- **TASK ITEM**:
Below this line is the material. Write out only its lines from the one containing "Khoảng 9 giờ" through the one containing "プラダプラダユニセックスベーシック半袖Tシャツa02195キャメル", both kept, exactly.

- **DATA FOR THIS TASK**:
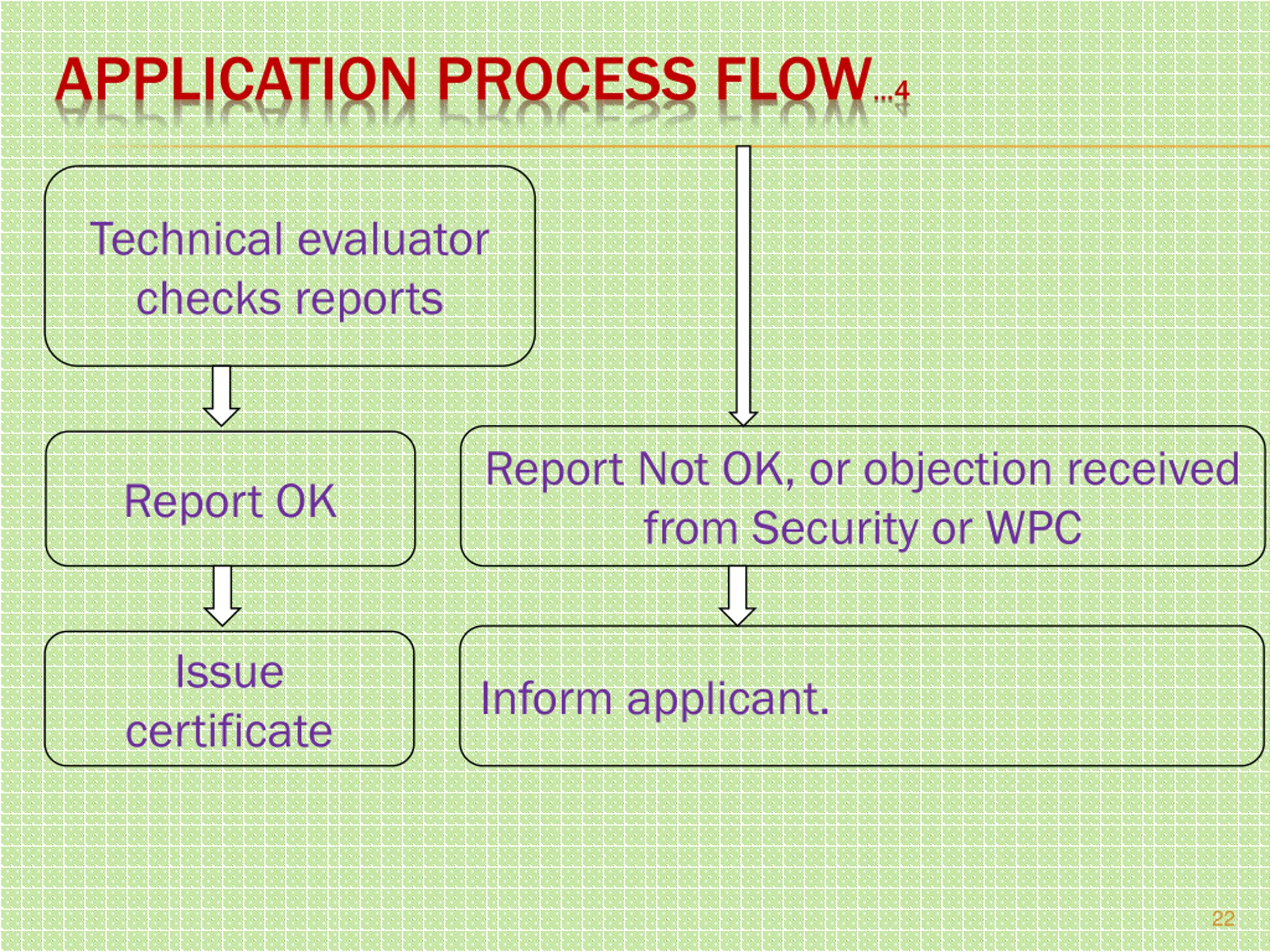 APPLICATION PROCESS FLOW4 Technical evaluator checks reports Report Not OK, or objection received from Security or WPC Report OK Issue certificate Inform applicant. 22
--
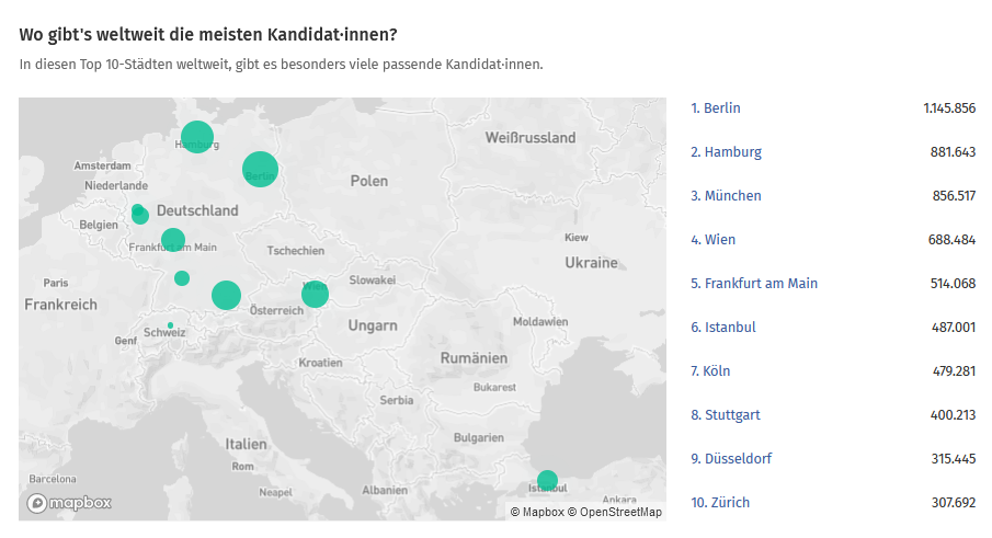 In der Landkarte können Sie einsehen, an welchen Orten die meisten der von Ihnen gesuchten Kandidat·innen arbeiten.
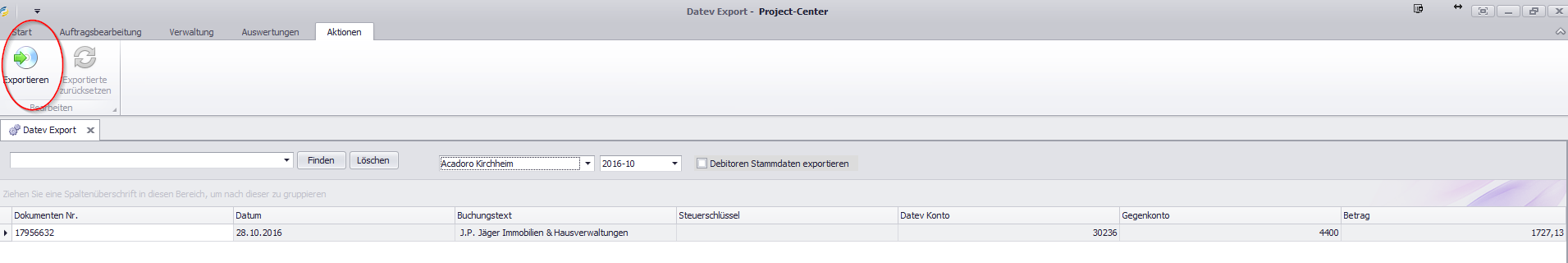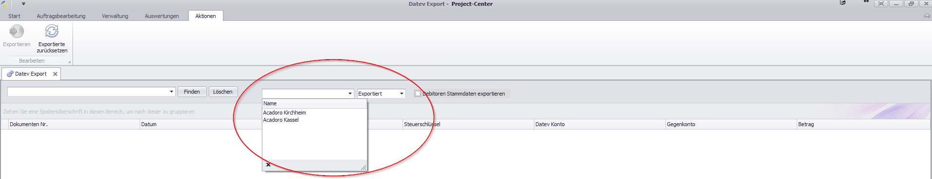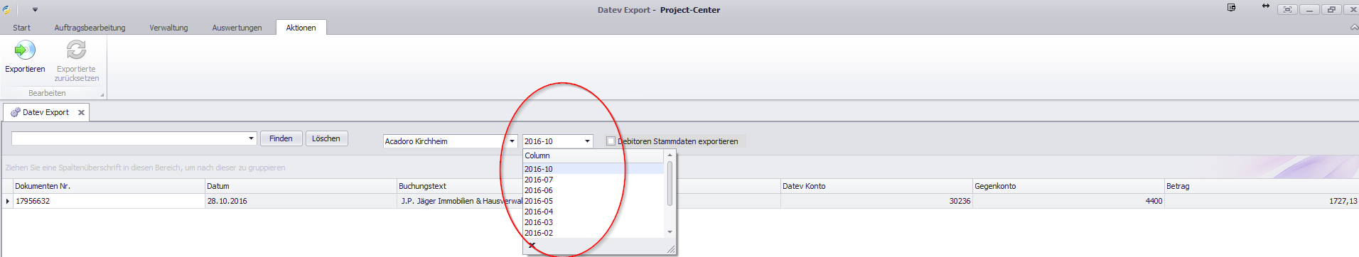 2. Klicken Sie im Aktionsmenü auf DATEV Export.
---
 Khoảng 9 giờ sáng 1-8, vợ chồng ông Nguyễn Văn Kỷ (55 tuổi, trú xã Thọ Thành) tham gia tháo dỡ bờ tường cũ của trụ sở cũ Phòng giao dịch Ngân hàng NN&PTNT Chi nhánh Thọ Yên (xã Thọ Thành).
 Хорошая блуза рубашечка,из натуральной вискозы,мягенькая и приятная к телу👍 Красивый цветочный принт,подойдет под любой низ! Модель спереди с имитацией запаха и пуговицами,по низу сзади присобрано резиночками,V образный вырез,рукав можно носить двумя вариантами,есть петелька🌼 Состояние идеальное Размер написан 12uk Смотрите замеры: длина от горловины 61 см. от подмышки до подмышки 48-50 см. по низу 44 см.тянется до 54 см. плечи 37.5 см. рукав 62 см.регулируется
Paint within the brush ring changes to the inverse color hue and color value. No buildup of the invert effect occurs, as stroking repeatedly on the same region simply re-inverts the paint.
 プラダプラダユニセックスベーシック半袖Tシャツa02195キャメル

- **WRITTEN REPLY**:
 Khoảng 9 giờ sáng 1-8, vợ chồng ông Nguyễn Văn Kỷ (55 tuổi, trú xã Thọ Thành) tham gia tháo dỡ bờ tường cũ của trụ sở cũ Phòng giao dịch Ngân hàng NN&PTNT Chi nhánh Thọ Yên (xã Thọ Thành).
 Хорошая блуза рубашечка,из натуральной вискозы,мягенькая и приятная к телу👍 Красивый цветочный принт,подойдет под любой низ! Модель спереди с имитацией запаха и пуговицами,по низу сзади присобрано резиночками,V образный вырез,рукав можно носить двумя вариантами,есть петелька🌼 Состояние идеальное Размер написан 12uk Смотрите замеры: длина от горловины 61 см. от подмышки до подмышки 48-50 см. по низу 44 см.тянется до 54 см. плечи 37.5 см. рукав 62 см.регулируется
Paint within the brush ring changes to the inverse color hue and color value. No buildup of the invert effect occurs, as stroking repeatedly on the same region simply re-inverts the paint.
 プラダプラダユニセックスベーシック半袖Tシャツa02195キャメル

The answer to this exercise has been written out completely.